▶ TRY IT: Please return every line of the listing. Keep each one exact.

═════ SOURCE DATA

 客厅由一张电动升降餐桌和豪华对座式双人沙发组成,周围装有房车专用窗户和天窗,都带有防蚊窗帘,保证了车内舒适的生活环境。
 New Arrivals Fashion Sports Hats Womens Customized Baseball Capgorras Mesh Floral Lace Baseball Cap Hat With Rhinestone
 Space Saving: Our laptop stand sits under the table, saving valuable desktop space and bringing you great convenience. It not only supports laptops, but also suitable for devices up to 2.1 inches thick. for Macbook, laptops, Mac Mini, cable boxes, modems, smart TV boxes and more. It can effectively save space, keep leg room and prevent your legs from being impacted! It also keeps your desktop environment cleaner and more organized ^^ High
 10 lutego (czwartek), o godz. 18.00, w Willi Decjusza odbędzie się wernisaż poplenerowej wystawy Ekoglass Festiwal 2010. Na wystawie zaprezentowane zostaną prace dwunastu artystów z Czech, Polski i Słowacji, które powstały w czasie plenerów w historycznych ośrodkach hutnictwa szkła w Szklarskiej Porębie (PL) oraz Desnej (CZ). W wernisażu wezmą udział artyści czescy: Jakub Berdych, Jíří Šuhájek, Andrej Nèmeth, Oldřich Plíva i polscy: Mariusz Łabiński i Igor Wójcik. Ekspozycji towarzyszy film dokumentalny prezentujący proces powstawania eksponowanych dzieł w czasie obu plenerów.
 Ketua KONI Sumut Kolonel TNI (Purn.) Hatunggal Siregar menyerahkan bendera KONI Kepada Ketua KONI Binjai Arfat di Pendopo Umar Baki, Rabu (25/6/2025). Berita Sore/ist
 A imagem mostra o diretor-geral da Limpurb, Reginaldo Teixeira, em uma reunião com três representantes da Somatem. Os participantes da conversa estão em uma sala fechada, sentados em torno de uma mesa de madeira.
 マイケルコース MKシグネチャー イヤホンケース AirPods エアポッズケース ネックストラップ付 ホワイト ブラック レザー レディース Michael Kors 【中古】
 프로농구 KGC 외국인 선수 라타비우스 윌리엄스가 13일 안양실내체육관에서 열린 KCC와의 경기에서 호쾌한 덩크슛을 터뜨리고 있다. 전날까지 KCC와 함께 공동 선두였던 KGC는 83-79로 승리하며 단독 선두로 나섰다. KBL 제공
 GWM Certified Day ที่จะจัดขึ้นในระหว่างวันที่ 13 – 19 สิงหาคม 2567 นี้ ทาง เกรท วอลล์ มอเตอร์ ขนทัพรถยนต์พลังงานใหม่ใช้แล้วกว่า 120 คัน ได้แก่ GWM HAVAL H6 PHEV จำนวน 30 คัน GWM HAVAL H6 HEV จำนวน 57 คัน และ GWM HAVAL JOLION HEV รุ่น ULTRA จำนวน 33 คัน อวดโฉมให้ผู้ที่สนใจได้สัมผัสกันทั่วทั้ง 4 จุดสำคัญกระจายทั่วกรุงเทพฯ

══════════

▶ YOUR SOLUTION:
 客厅由一张电动升降餐桌和豪华对座式双人沙发组成,周围装有房车专用窗户和天窗,都带有防蚊窗帘,保证了车内舒适的生活环境。
 New Arrivals Fashion Sports Hats Womens Customized Baseball Capgorras Mesh Floral Lace Baseball Cap Hat With Rhinestone
 Space Saving: Our laptop stand sits under the table, saving valuable desktop space and bringing you great convenience. It not only supports laptops, but also suitable for devices up to 2.1 inches thick. for Macbook, laptops, Mac Mini, cable boxes, modems, smart TV boxes and more. It can effectively save space, keep leg room and prevent your legs from being impacted! It also keeps your desktop environment cleaner and more organized ^^ High
 10 lutego (czwartek), o godz. 18.00, w Willi Decjusza odbędzie się wernisaż poplenerowej wystawy Ekoglass Festiwal 2010. Na wystawie zaprezentowane zostaną prace dwunastu artystów z Czech, Polski i Słowacji, które powstały w czasie plenerów w historycznych ośrodkach hutnictwa szkła w Szklarskiej Porębie (PL) oraz Desnej (CZ). W wernisażu wezmą udział artyści czescy: Jakub Berdych, Jíří Šuhájek, Andrej Nèmeth, Oldřich Plíva i polscy: Mariusz Łabiński i Igor Wójcik. Ekspozycji towarzyszy film dokumentalny prezentujący proces powstawania eksponowanych dzieł w czasie obu plenerów.
 Ketua KONI Sumut Kolonel TNI (Purn.) Hatunggal Siregar menyerahkan bendera KONI Kepada Ketua KONI Binjai Arfat di Pendopo Umar Baki, Rabu (25/6/2025). Berita Sore/ist
 A imagem mostra o diretor-geral da Limpurb, Reginaldo Teixeira, em uma reunião com três representantes da Somatem. Os participantes da conversa estão em uma sala fechada, sentados em torno de uma mesa de madeira.
 マイケルコース MKシグネチャー イヤホンケース AirPods エアポッズケース ネックストラップ付 ホワイト ブラック レザー レディース Michael Kors 【中古】
 프로농구 KGC 외국인 선수 라타비우스 윌리엄스가 13일 안양실내체육관에서 열린 KCC와의 경기에서 호쾌한 덩크슛을 터뜨리고 있다. 전날까지 KCC와 함께 공동 선두였던 KGC는 83-79로 승리하며 단독 선두로 나섰다. KBL 제공
 GWM Certified Day ที่จะจัดขึ้นในระหว่างวันที่ 13 – 19 สิงหาคม 2567 นี้ ทาง เกรท วอลล์ มอเตอร์ ขนทัพรถยนต์พลังงานใหม่ใช้แล้วกว่า 120 คัน ได้แก่ GWM HAVAL H6 PHEV จำนวน 30 คัน GWM HAVAL H6 HEV จำนวน 57 คัน และ GWM HAVAL JOLION HEV รุ่น ULTRA จำนวน 33 คัน อวดโฉมให้ผู้ที่สนใจได้สัมผัสกันทั่วทั้ง 4 จุดสำคัญกระจายทั่วกรุงเทพฯ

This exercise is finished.